-- EXERCISE DATA follows --
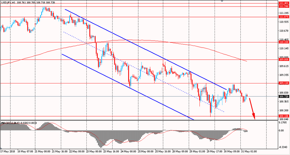 Сегодня пара USD/JPY снизилась к Y108.55, отступив от вчерашнего максимума. В среду пара тестировала сопротивление глобального нисходящего канала, однако не смогла закрепиться выше. На данный момент пара вернулась в медвежий тренд и по-прежнему торгуется ниже уровня скользящей средней MA 200 H1.
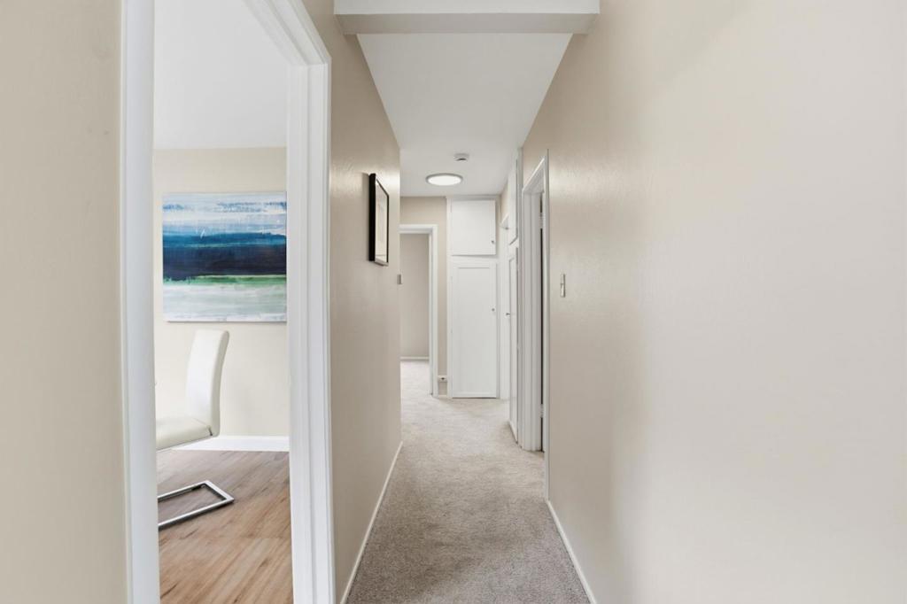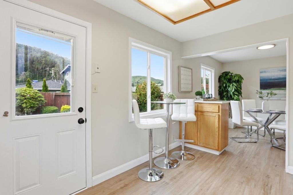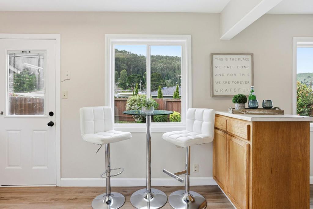 Well located in lower Linda Mar, blocks to the beach and Linda Mar Shopping Center on a rarely traveled street. Freshly painted throughout the interior. New living room wall heater and rear heater has a new pilot generator. Bathroom floor dry rot repaired with new floor, vanity, light and mirror. New ceiling lights throughout. Great, quiet street in Linda Mar with views of the hills. Backyard has great southern exposure with afternoon sun and patio for barbecues. Two car side by side garage with remote opener. Dual pane windows with screens being manufactured for all windows. Washer and dryer included. Originally built as a four bedroom with the fourth bedroom converted to a dining room off the kitchen. Just a really well located home in move in condition.
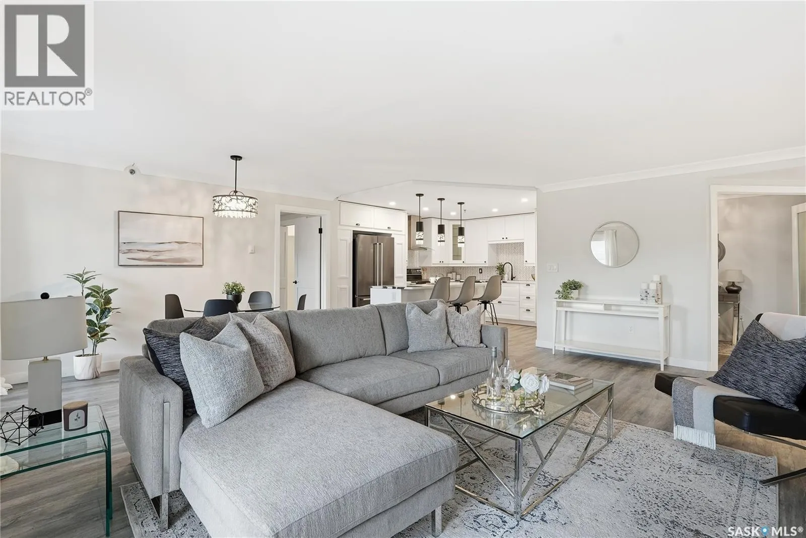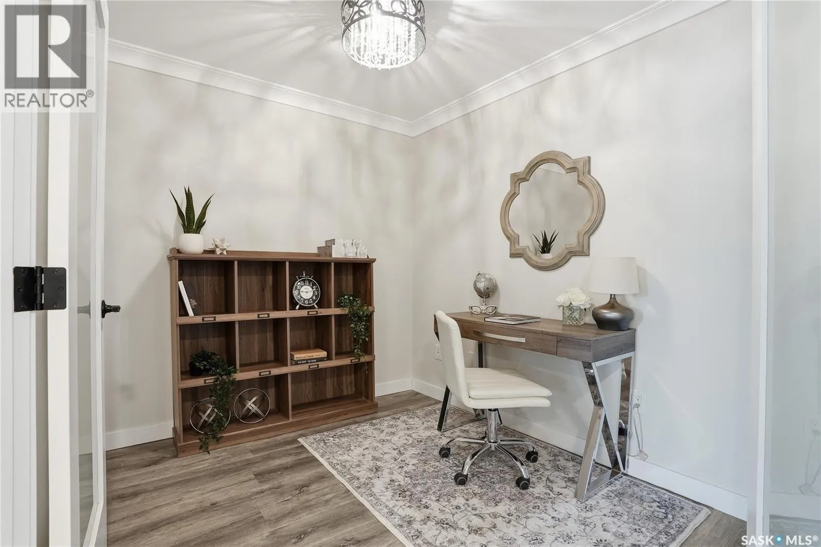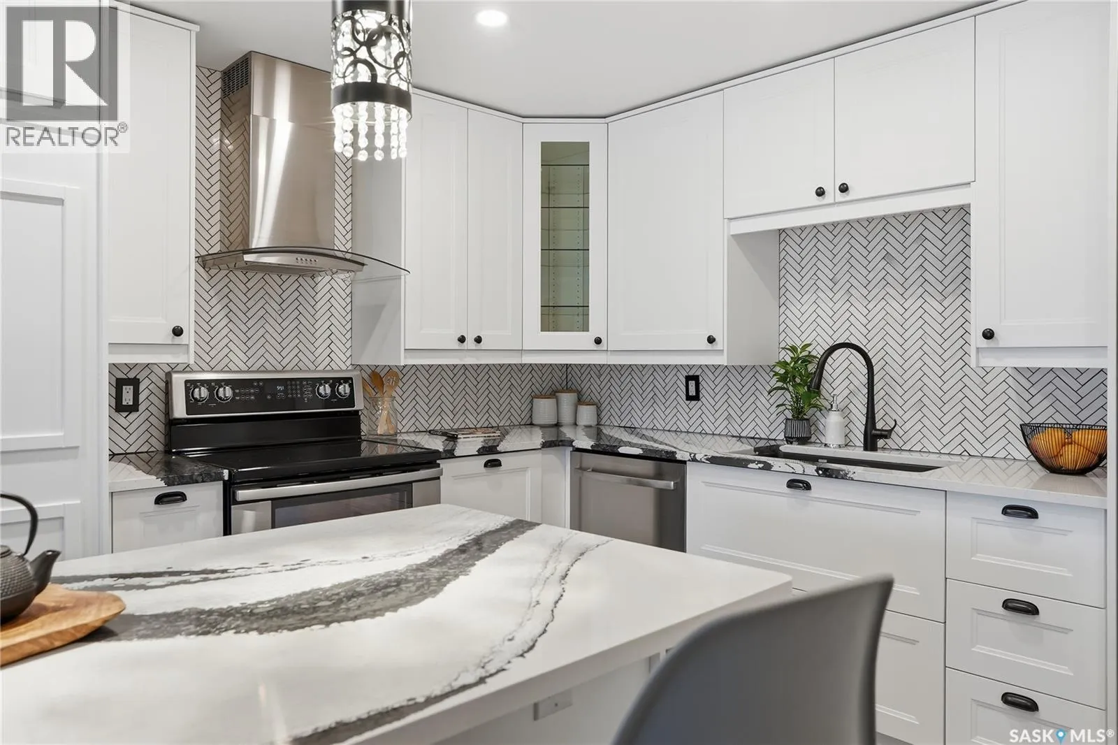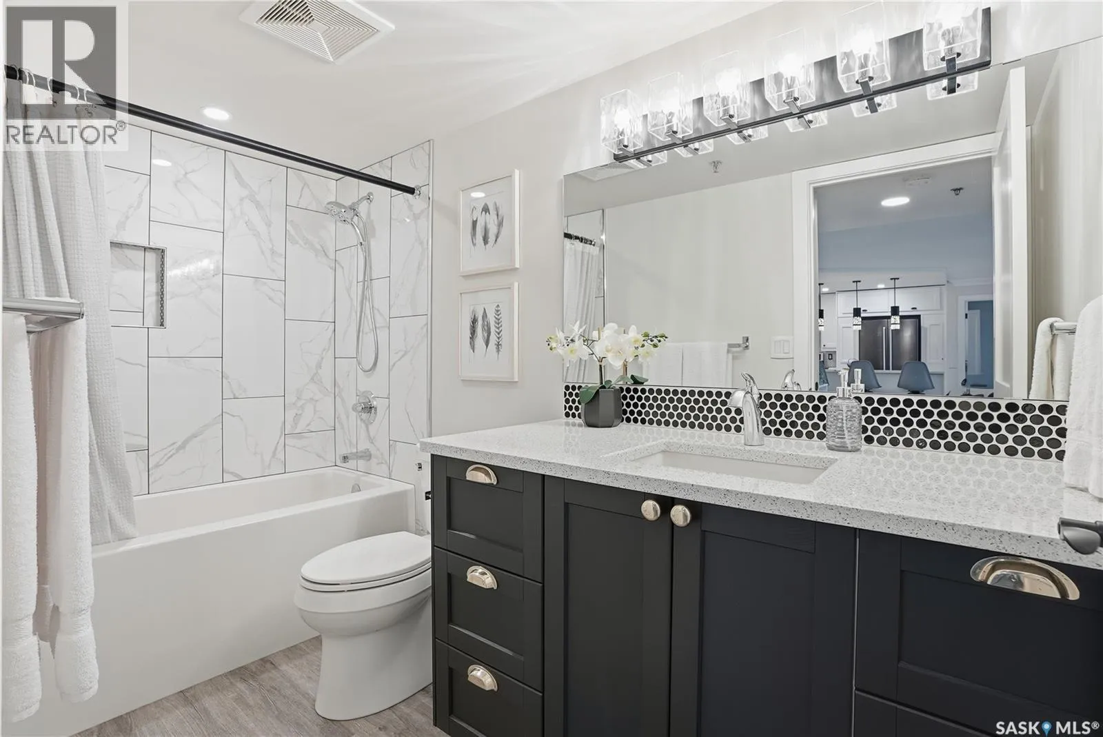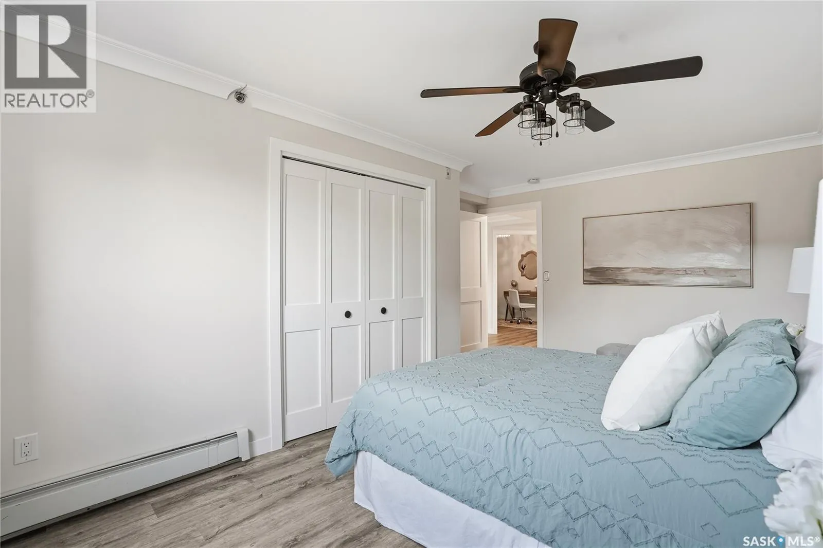 Welcome to The Wycliffe â A Rare City Park Gem! Experience modern elegance and timeless charm in this immaculate, 2-bedroom, 2-bathroom+den executive condo located in a prime location on 3rd Avenue in City Park. With over 1,475 sq.ft. of beautifully renovated living space, this third-floor suite offers the perfect blend of sophistication, comfort, and convenience at an unbeatable price! Step inside to discover a custom-designed kitchen featuring quartz countertops, a sleek tile backsplash, stainless steel appliances, and a massive island with seating â ideal for entertaining or everyday living. The kitchen opens seamlessly into a spacious living area, where a cozy fireplace with a classic live-edge mantle sets the tone for relaxed evenings at home. The primary suite is a true retreat, complete with a large walk-in closet and a stunning ensuite boasting a tiled glass shower. A second generous bedroom and a fully renovated 4-piece bath provide the perfect guest wing. Working from home? The private den with French doors offers the perfect quiet workspace. Highlights include: Covered breezeway deck â a unique feature of this unit, ideal for morning coffee or evening relaxation, crown molding throughout with newer paint, flooring, and trim, newer fridge and washer and dryer, newer windows and doors, wide hallways, and two elevators for convenience, covered parking stall included, beautifully maintained building with rooftop patio and welcoming common area. Perfectly positioned in Saskatoonâs highly sought-after City Park neighborhood, just a short walk to the river, downtown core, Earls restaurant, shopping, and City Hospital. All buyers/buyer's agents to verify measurements. This condo must be seen to be appreciated â opportunities like this are rare! Book your private showing today. (id:27476)
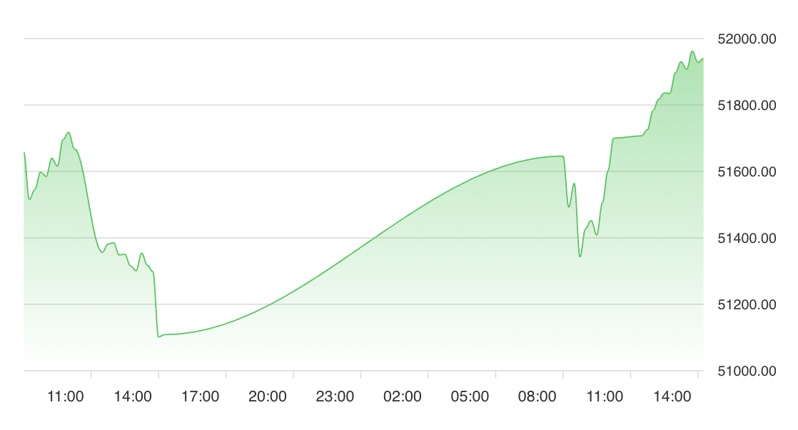 The main Asian indices demonstrate a predominantly positive trend, with the Nikkei 225 (^N225) leading the region. The Nikkei 225 is trading at 51.94K, marking a substantial gain of 1.61. This advance is attributed to robust performance in heavyweight stocks, notably Fast Retailing, which surged over 7% on strong earnings and an upwardly revised outlook. The Nikkei's close to its all-time high signals strong bullish sentiment and ongoing capital inflows.
-- EXERCISE DATA concluded --
# WHAT IS REQUIRED
Print out the complete listing above exactly, dropping each image.

# SOLUTION FOR THIS TASK
 Сегодня пара USD/JPY снизилась к Y108.55, отступив от вчерашнего максимума. В среду пара тестировала сопротивление глобального нисходящего канала, однако не смогла закрепиться выше. На данный момент пара вернулась в медвежий тренд и по-прежнему торгуется ниже уровня скользящей средней MA 200 H1.
 Well located in lower Linda Mar, blocks to the beach and Linda Mar Shopping Center on a rarely traveled street. Freshly painted throughout the interior. New living room wall heater and rear heater has a new pilot generator. Bathroom floor dry rot repaired with new floor, vanity, light and mirror. New ceiling lights throughout. Great, quiet street in Linda Mar with views of the hills. Backyard has great southern exposure with afternoon sun and patio for barbecues. Two car side by side garage with remote opener. Dual pane windows with screens being manufactured for all windows. Washer and dryer included. Originally built as a four bedroom with the fourth bedroom converted to a dining room off the kitchen. Just a really well located home in move in condition.
 Welcome to The Wycliffe â A Rare City Park Gem! Experience modern elegance and timeless charm in this immaculate, 2-bedroom, 2-bathroom+den executive condo located in a prime location on 3rd Avenue in City Park. With over 1,475 sq.ft. of beautifully renovated living space, this third-floor suite offers the perfect blend of sophistication, comfort, and convenience at an unbeatable price! Step inside to discover a custom-designed kitchen featuring quartz countertops, a sleek tile backsplash, stainless steel appliances, and a massive island with seating â ideal for entertaining or everyday living. The kitchen opens seamlessly into a spacious living area, where a cozy fireplace with a classic live-edge mantle sets the tone for relaxed evenings at home. The primary suite is a true retreat, complete with a large walk-in closet and a stunning ensuite boasting a tiled glass shower. A second generous bedroom and a fully renovated 4-piece bath provide the perfect guest wing. Working from home? The private den with French doors offers the perfect quiet workspace. Highlights include: Covered breezeway deck â a unique feature of this unit, ideal for morning coffee or evening relaxation, crown molding throughout with newer paint, flooring, and trim, newer fridge and washer and dryer, newer windows and doors, wide hallways, and two elevators for convenience, covered parking stall included, beautifully maintained building with rooftop patio and welcoming common area. Perfectly positioned in Saskatoonâs highly sought-after City Park neighborhood, just a short walk to the river, downtown core, Earls restaurant, shopping, and City Hospital. All buyers/buyer's agents to verify measurements. This condo must be seen to be appreciated â opportunities like this are rare! Book your private showing today. (id:27476)
 The main Asian indices demonstrate a predominantly positive trend, with the Nikkei 225 (^N225) leading the region. The Nikkei 225 is trading at 51.94K, marking a substantial gain of 1.61. This advance is attributed to robust performance in heavyweight stocks, notably Fast Retailing, which surged over 7% on strong earnings and an upwardly revised outlook. The Nikkei's close to its all-time high signals strong bullish sentiment and ongoing capital inflows.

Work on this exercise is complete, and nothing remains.